◆ ABOUT THIS EXERCISE ◆
All pictures must be left out as you transcribe the lines from the first line of the data to the line containing "Hers Czarne sneakersy", both included.

◆ GIVEN DATA ◆
▼

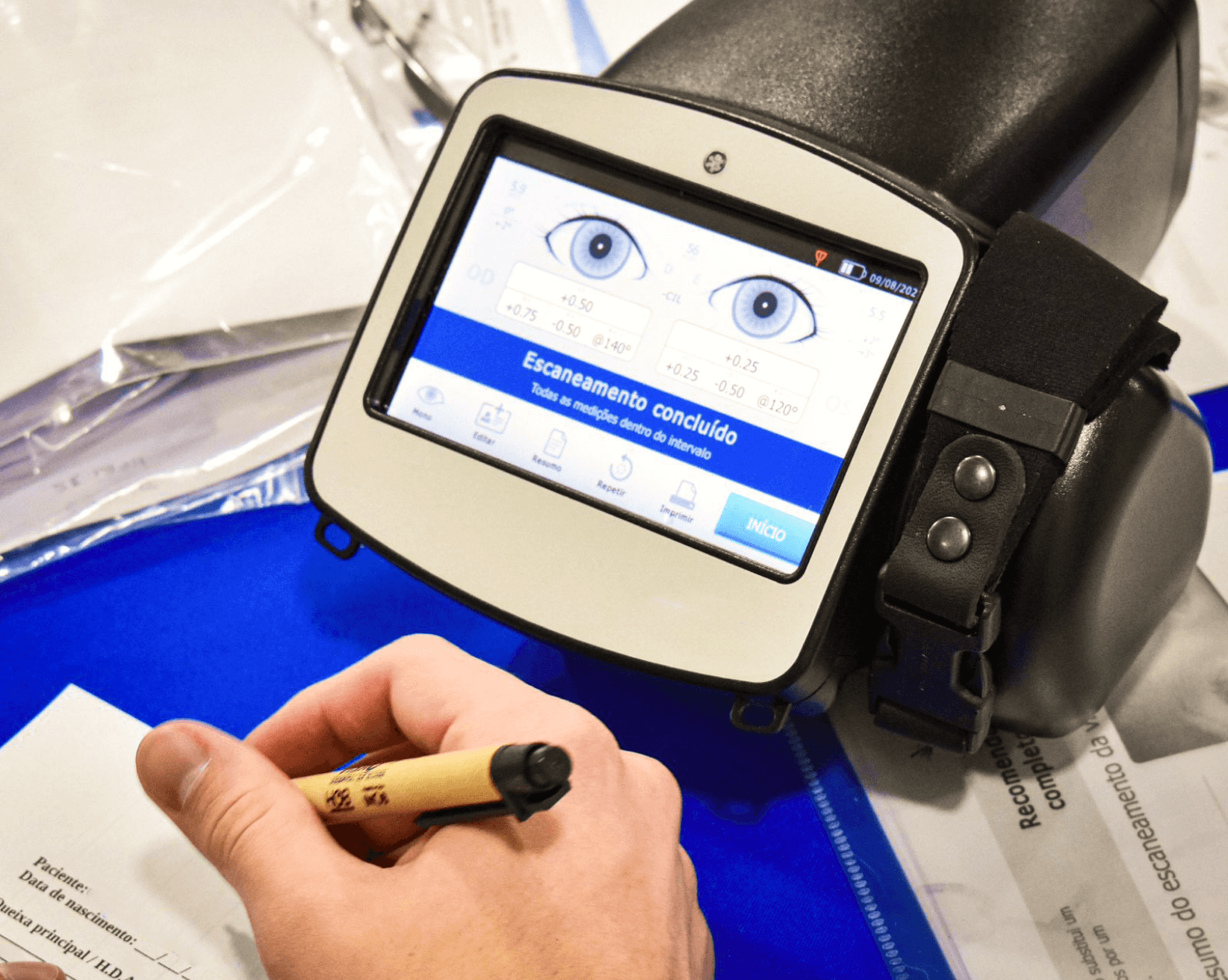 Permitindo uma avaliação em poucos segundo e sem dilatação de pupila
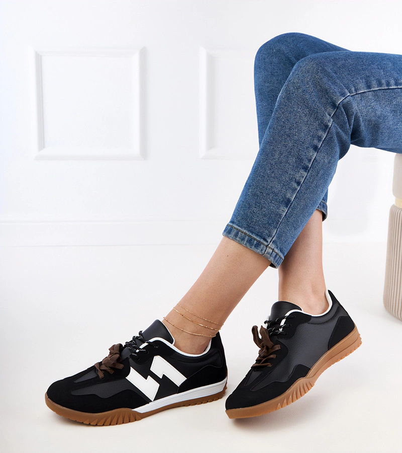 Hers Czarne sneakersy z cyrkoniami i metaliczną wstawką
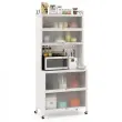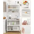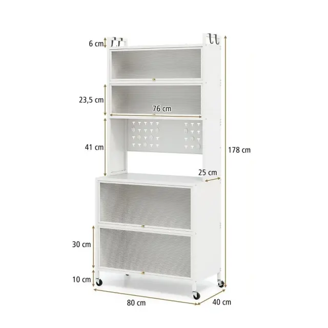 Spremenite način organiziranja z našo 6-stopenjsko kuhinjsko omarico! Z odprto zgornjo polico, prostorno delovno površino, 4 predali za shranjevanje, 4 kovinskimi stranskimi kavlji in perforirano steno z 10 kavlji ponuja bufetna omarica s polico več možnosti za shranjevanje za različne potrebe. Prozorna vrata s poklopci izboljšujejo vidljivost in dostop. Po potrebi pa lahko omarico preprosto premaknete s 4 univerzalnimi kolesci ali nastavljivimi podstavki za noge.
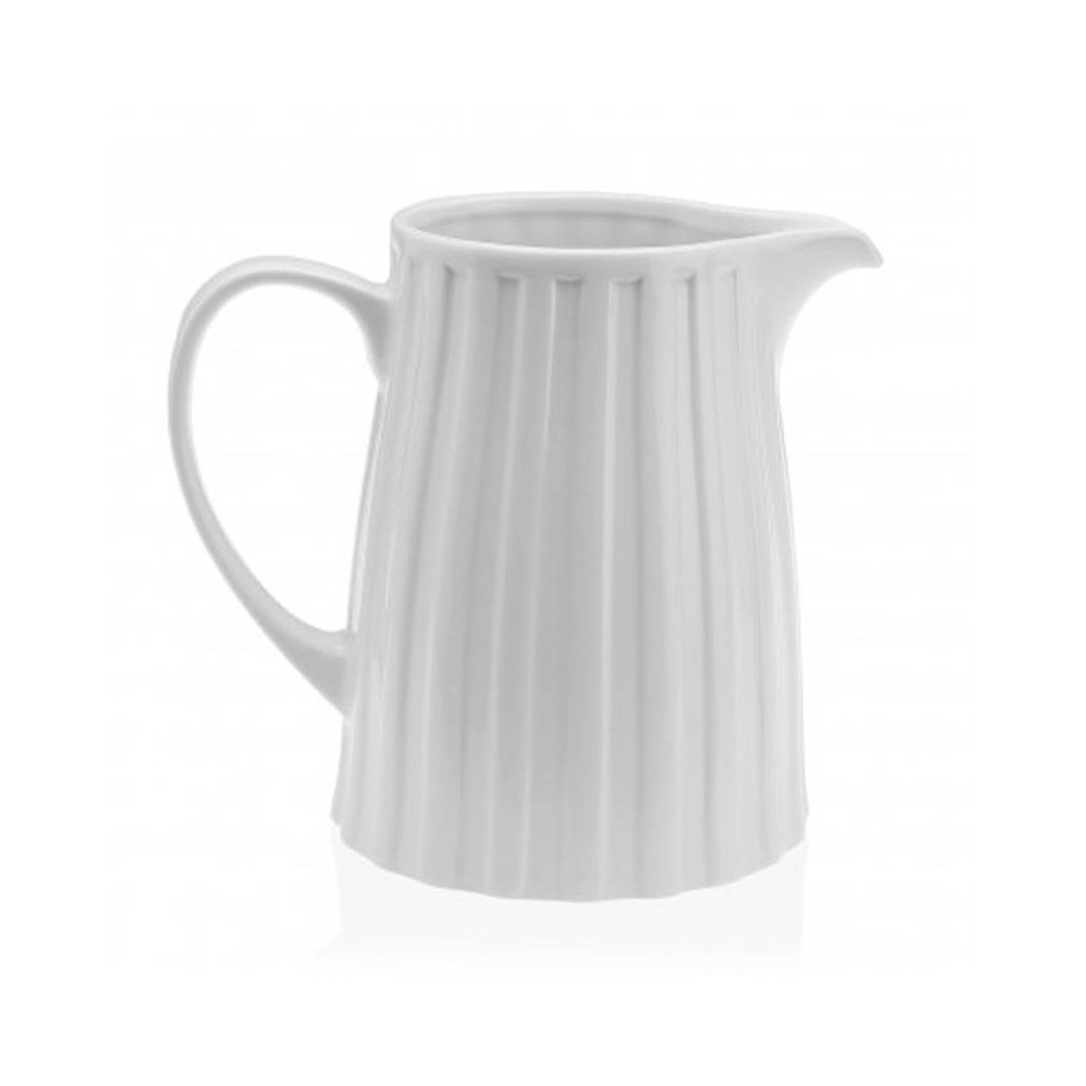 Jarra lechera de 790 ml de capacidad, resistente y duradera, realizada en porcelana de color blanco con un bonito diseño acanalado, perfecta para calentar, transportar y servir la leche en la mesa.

▲

◆ TASK RESPONSE ◆
 Permitindo uma avaliação em poucos segundo e sem dilatação de pupila
 Hers Czarne sneakersy z cyrkoniami i metaliczną wstawką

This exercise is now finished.